## Records contained in a dataset
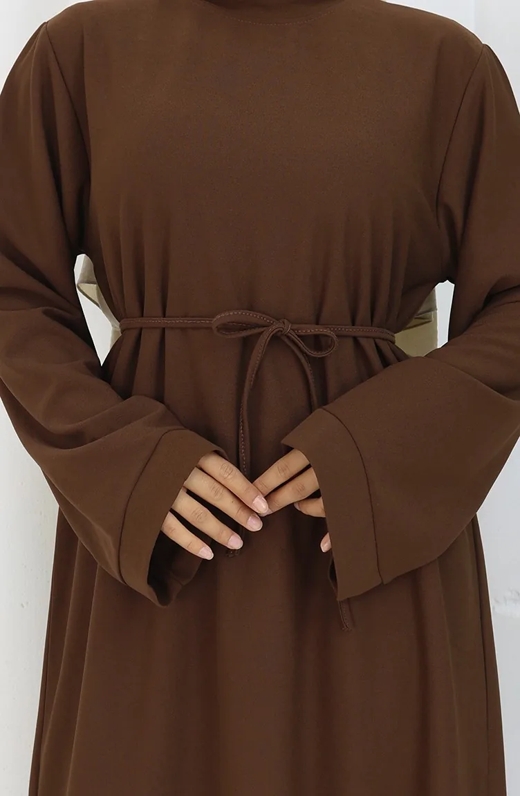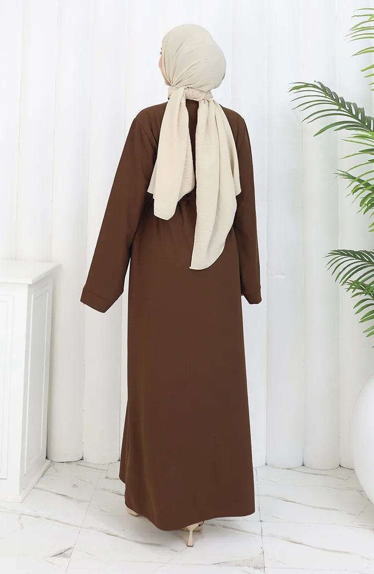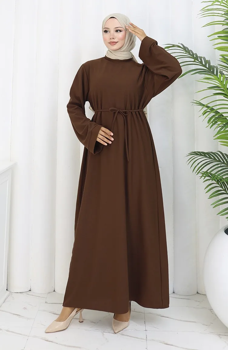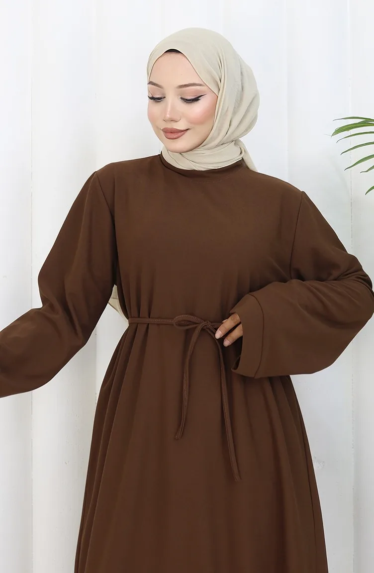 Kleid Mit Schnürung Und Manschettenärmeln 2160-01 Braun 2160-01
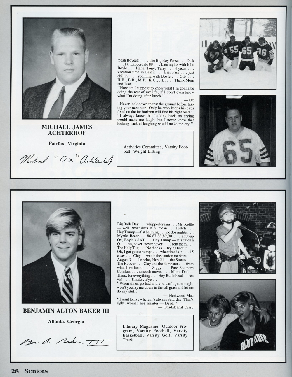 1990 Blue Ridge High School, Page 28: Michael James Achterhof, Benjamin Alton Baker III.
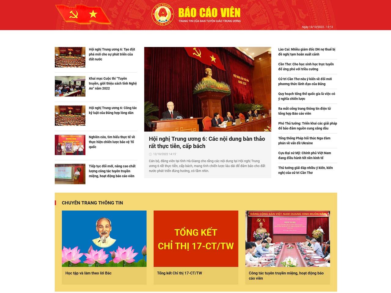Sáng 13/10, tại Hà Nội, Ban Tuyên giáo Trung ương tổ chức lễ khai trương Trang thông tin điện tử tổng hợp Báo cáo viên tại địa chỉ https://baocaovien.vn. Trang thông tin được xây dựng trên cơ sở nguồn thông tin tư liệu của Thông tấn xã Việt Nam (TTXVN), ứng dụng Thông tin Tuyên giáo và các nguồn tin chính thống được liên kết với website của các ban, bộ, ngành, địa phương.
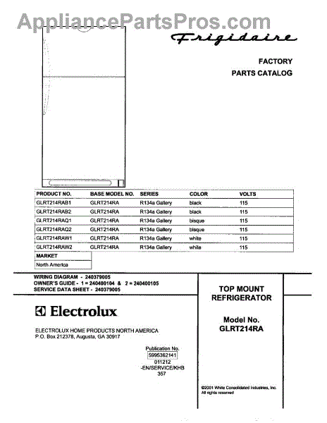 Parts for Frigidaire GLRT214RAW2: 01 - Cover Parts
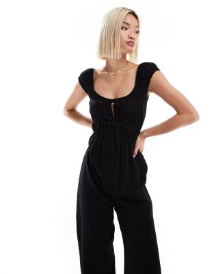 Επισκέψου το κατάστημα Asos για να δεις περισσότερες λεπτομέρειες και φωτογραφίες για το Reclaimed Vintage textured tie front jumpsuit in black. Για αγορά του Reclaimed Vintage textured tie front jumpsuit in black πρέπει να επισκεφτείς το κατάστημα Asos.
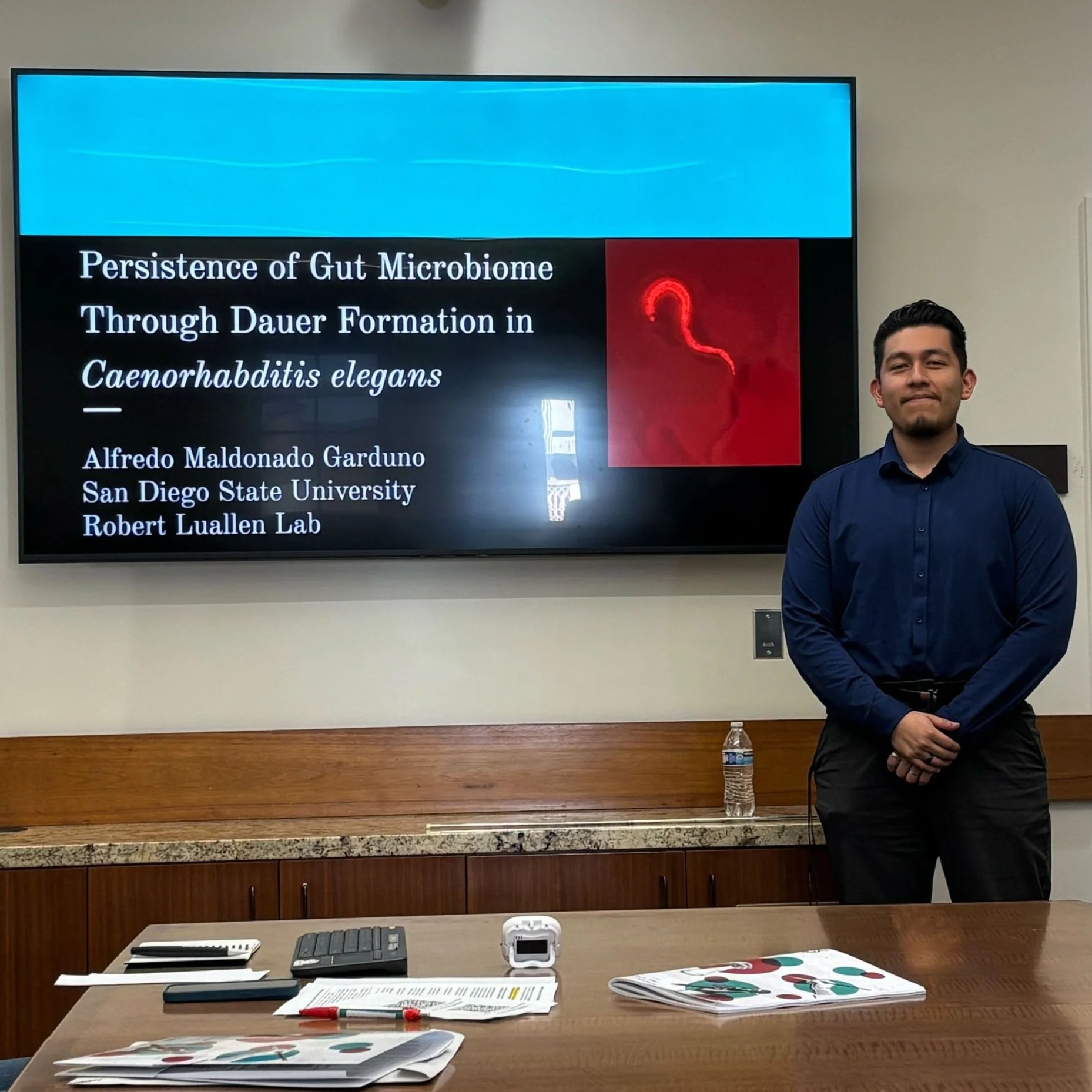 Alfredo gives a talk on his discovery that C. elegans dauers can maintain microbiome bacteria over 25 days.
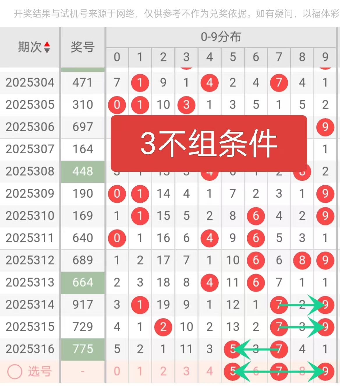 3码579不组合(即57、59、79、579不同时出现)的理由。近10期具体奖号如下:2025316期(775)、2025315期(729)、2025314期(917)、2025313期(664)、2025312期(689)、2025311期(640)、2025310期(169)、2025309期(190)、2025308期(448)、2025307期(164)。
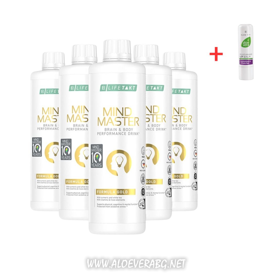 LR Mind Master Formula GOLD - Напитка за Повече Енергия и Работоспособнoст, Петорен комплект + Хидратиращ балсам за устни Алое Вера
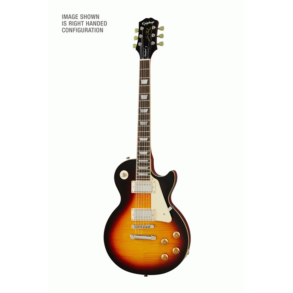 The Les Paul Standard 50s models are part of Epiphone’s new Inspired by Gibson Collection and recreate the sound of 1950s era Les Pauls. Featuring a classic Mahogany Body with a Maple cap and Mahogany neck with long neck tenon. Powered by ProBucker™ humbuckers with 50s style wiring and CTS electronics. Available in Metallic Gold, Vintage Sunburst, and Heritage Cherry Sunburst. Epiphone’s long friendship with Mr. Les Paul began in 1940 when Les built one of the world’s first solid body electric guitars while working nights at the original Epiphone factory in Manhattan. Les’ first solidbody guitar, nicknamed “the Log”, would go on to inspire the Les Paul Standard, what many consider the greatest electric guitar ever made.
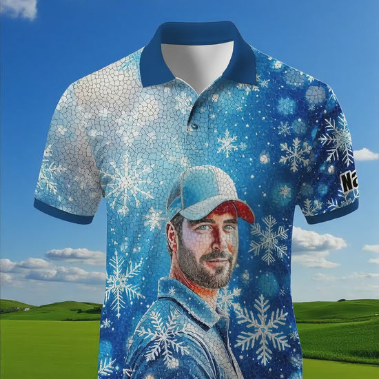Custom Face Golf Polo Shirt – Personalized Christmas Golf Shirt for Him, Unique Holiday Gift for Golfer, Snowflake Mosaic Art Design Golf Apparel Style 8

## Task directions
The records above should be returned exactly, with only their pictures held back.

## Response to the task
 Kleid Mit Schnürung Und Manschettenärmeln 2160-01 Braun 2160-01
 1990 Blue Ridge High School, Page 28: Michael James Achterhof, Benjamin Alton Baker III.
Sáng 13/10, tại Hà Nội, Ban Tuyên giáo Trung ương tổ chức lễ khai trương Trang thông tin điện tử tổng hợp Báo cáo viên tại địa chỉ https://baocaovien.vn. Trang thông tin được xây dựng trên cơ sở nguồn thông tin tư liệu của Thông tấn xã Việt Nam (TTXVN), ứng dụng Thông tin Tuyên giáo và các nguồn tin chính thống được liên kết với website của các ban, bộ, ngành, địa phương.
 Parts for Frigidaire GLRT214RAW2: 01 - Cover Parts
 Επισκέψου το κατάστημα Asos για να δεις περισσότερες λεπτομέρειες και φωτογραφίες για το Reclaimed Vintage textured tie front jumpsuit in black. Για αγορά του Reclaimed Vintage textured tie front jumpsuit in black πρέπει να επισκεφτείς το κατάστημα Asos.
 Alfredo gives a talk on his discovery that C. elegans dauers can maintain microbiome bacteria over 25 days.
 3码579不组合(即57、59、79、579不同时出现)的理由。近10期具体奖号如下:2025316期(775)、2025315期(729)、2025314期(917)、2025313期(664)、2025312期(689)、2025311期(640)、2025310期(169)、2025309期(190)、2025308期(448)、2025307期(164)。
 LR Mind Master Formula GOLD - Напитка за Повече Енергия и Работоспособнoст, Петорен комплект + Хидратиращ балсам за устни Алое Вера
 The Les Paul Standard 50s models are part of Epiphone’s new Inspired by Gibson Collection and recreate the sound of 1950s era Les Pauls. Featuring a classic Mahogany Body with a Maple cap and Mahogany neck with long neck tenon. Powered by ProBucker™ humbuckers with 50s style wiring and CTS electronics. Available in Metallic Gold, Vintage Sunburst, and Heritage Cherry Sunburst. Epiphone’s long friendship with Mr. Les Paul began in 1940 when Les built one of the world’s first solid body electric guitars while working nights at the original Epiphone factory in Manhattan. Les’ first solidbody guitar, nicknamed “the Log”, would go on to inspire the Les Paul Standard, what many consider the greatest electric guitar ever made.
Custom Face Golf Polo Shirt – Personalized Christmas Golf Shirt for Him, Unique Holiday Gift for Golfer, Snowflake Mosaic Art Design Golf Apparel Style 8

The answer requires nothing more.